At the sentencing hearing, rather than objecting, Coleman's counsel said: “I understand the State's recommendation.” That statement could indicate a mutual understanding that Coleman's “good behavior” was an additional condition of the plea agreement. But defense counsel's comment was not specific enough to stand as Coleman's stipulation that an essential term was omitted from the recitation of the agreement at the plea hearing.

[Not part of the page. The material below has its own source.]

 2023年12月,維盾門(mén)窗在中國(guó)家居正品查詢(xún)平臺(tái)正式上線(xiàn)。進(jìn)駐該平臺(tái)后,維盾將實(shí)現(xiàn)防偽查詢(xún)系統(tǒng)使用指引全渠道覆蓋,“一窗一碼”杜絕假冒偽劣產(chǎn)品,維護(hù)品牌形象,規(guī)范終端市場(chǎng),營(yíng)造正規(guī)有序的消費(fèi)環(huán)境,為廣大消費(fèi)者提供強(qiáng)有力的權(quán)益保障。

The absence of any reference in the plea record to the State's probation recommendation being contingent on Coleman's good behavior leads us to conclude it was not a term of the agreement. See State v. Loye, 670 N.W.2d 141, 149 (Iowa 2003) (rejecting State's request to remand the case for the prosecutor to introduce documents allegedly executed by the defendant as part of her plea agreement). The assistant county attorney portrayed the plea agreement as “both parties to argue for probation.” Defense counsel confirmed that recitation of the agreement. The court repeated only those terms for the defendant during the plea colloquy: “Mr. Coleman, my understanding of the plea agreement is that if the court would accept a plea pursuant to North Carolina v. Alford, at the time of sentencing, the parties are going to recommend a suspended sentence and probation. Is that your understanding?” Coleman replied: “Yes.” Based on that understanding, Coleman entered his Alford plea.

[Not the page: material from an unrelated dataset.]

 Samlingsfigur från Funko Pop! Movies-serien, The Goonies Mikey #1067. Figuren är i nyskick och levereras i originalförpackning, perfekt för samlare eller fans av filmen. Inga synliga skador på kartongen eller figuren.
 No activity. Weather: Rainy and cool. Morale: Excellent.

The assistant county attorney at the plea hearing noted that one of his colleagues had prepared the trial information and engaged in plea discussions with Coleman. The assistant county attorney originally handling the case appeared at the sentencing hearing. This substitution in personnel may explain a less than thorough recitation of the agreement at the plea hearing, but it does not excuse the change of course at sentencing. Because a defendant relinquishes fundamental rights when accepting a plea agreement, “a prosecutor must take care to properly carry out all obligations and promises ... in good faith.” Bearse, 748 N.W.2d at 215. Even if the prosecutor breached the plea agreement inadvertently, the impact of the breach is not minimized. Santobello v. New York, 404 U.S. 257, 262 (1971).
We conclude the State breached its duty under the plea agreement on record by using Coleman's new charges as a basis to rescind its promise to recommend a suspended sentence.
B. Did Coleman Receive Effective Assistance of Counsel?
Because the State reneged on its promised sentencing recommendation, defense counsel had a duty to respond. “ ‘[O]nly by objecting could counsel ensure that the defendant received the benefit of the agreement.” ’ Bearse, 748 N.W.2d at 217 (quoting State v. Horness, 600 N.W.2d 294, 300 (Iowa 1999)).
Counsel's failure to alert the district court to the State's breach of the plea agreement deprived that court of the opportunity to remedy the error, resulting in prejudice to Coleman. See Horness, 600 N.W.2d at 301. Coleman therefore has demonstrated his counsel rendered ineffective assistance; there is no need to preserve the issue for a possible postconviction relief proceeding.
Accordingly, we vacate the sentence and remand for resentencing before a different district court judge. At the resentencing, the State shall abide by the plea agreement, as it was recited on the record at the plea hearing. We do not suggest what the appropriate sentence should be. See State v. Black, 324 N.W.2d 313, 316 (Iowa 1982).
SENTENCE VACATED AND CASE REMANDED FOR RESENTENCING.